We have free access to LinkedIn learning here which is just Lynda. It's not bad. I'm building a BI team and doing that along with AWS certs.
 
OP
OP
Raticus79

Raticus79

Community Resettler
Member
Oct 25, 2017
1,037
Sorry I haven't posted recently, things have been pretty crazy for me this year.

Is anyone using Dremio here? I've been taking a good look at it for taking advantage of the big local temp NVME drives that are common on cloud VMs now.
 

Pau

Self-Appointed Godmother of Bruce Wayne's Children
Member
Oct 25, 2017
5,838
Starting my second semester of my Data Science Master's on Monday. My first semester was my toughest academic experience so far, but that's what I get for wanting to go to a top school. The biggest source of stress was accidentally taking a theoretical computer science course with zero theoretical computer science experience. The professor was incredible supportive and encouraging, so I stayed in the class, but it was conceptually the most difficult work I've ever done. My two core requirement classes were fairly easy conceptually, but a lot of work. My last course was an introduction to machine learning which was also somewhat hard. Despite all the stress, I learned a lot and really enjoyed the material.

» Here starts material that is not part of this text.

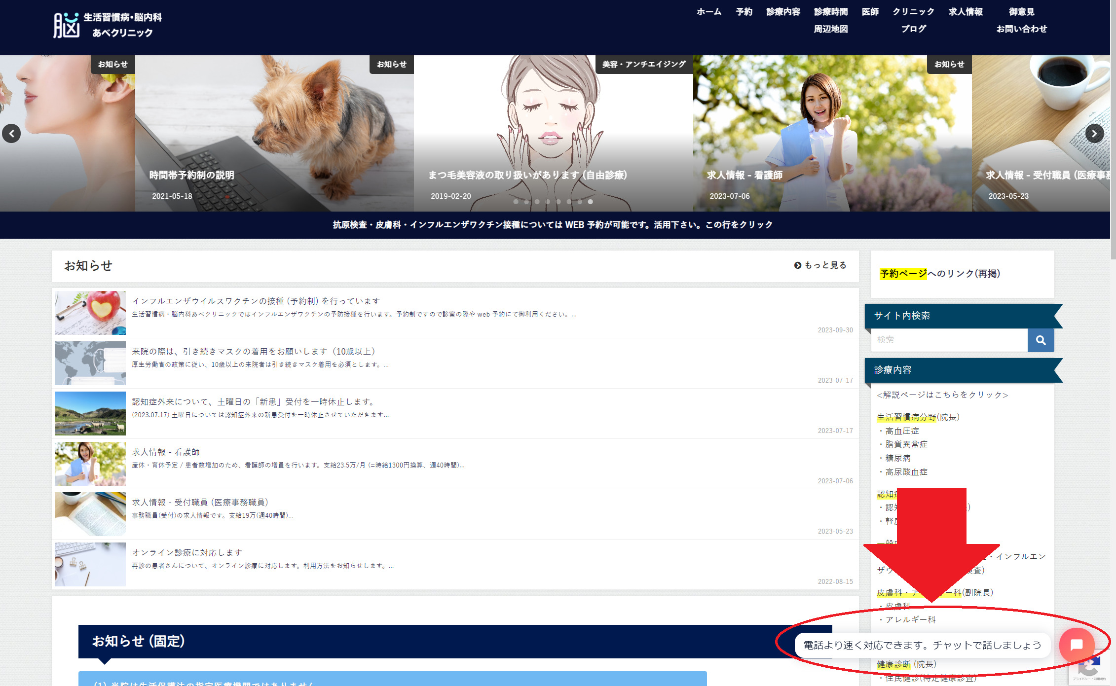 かろうじてこれはチャットの形式をとっていますが、御案内する「当院ホームページの」チャットではありません。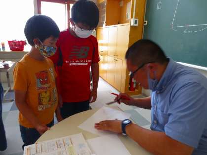 「平行」と「垂直」を意識し、長方形を紙に描いています。

Now I have to choose my courses for this semester. Two are requirements, so I don't have a choice there. That leaves two that I can pick but I'm having trouble deciding. Luckily I can go to all the classes for the first week or so and see how they feel. Here's what I'm deciding on:
  • Parallel Computing for Big Data: Will almost definitely take this one since I have almost no experience in this. Helps that I get along very well with the professor.
  • General Linear Models: I need at least one statistics course, and this probably the most well-regarded course in the Statistics Department. Not super excited about the material but that will probably change once I get a feel for it.
  • Applied Linear Algebra: I'm not sure how different this course is from my general data science courses, as the concepts appear to have a lot of overlap. I'm mostly interested because the professor does work with climate data.
  • Global Warming Science: Same professor as the Applied Linear Algebra course, obviously with a focus on climate data. It's a low-level course mostly in Python, but I'd like a guided introduction to the topic.
I'm also applying to internships for the summer. My problem is that I'm too all over the place: I'm interested by practically anything except defense/military stuff, biology and healthcare. (Thinking about human bodies makes me really anxious.) I'd also rather not work in purely financial stuff or places like banks. Otherwise, I'm happy as long as I'm working with data. But I do want to have an internship at a place where there is a full data science or data engineering team. Really dreading technical interviews. :(
 

Irnbru

Avenger
Oct 25, 2017
2,128
Seattle
Starting my second semester of my Data Science Master's on Monday. My first semester was my toughest academic experience so far, but that's what I get for wanting to go to a top school. The biggest source of stress was accidentally taking a theoretical computer science course with zero theoretical computer science experience. The professor was incredible supportive and encouraging, so I stayed in the class, but it was conceptually the most difficult work I've ever done. My two core requirement classes were fairly easy conceptually, but a lot of work. My last course was an introduction to machine learning which was also somewhat hard. Despite all the stress, I learned a lot and really enjoyed the material.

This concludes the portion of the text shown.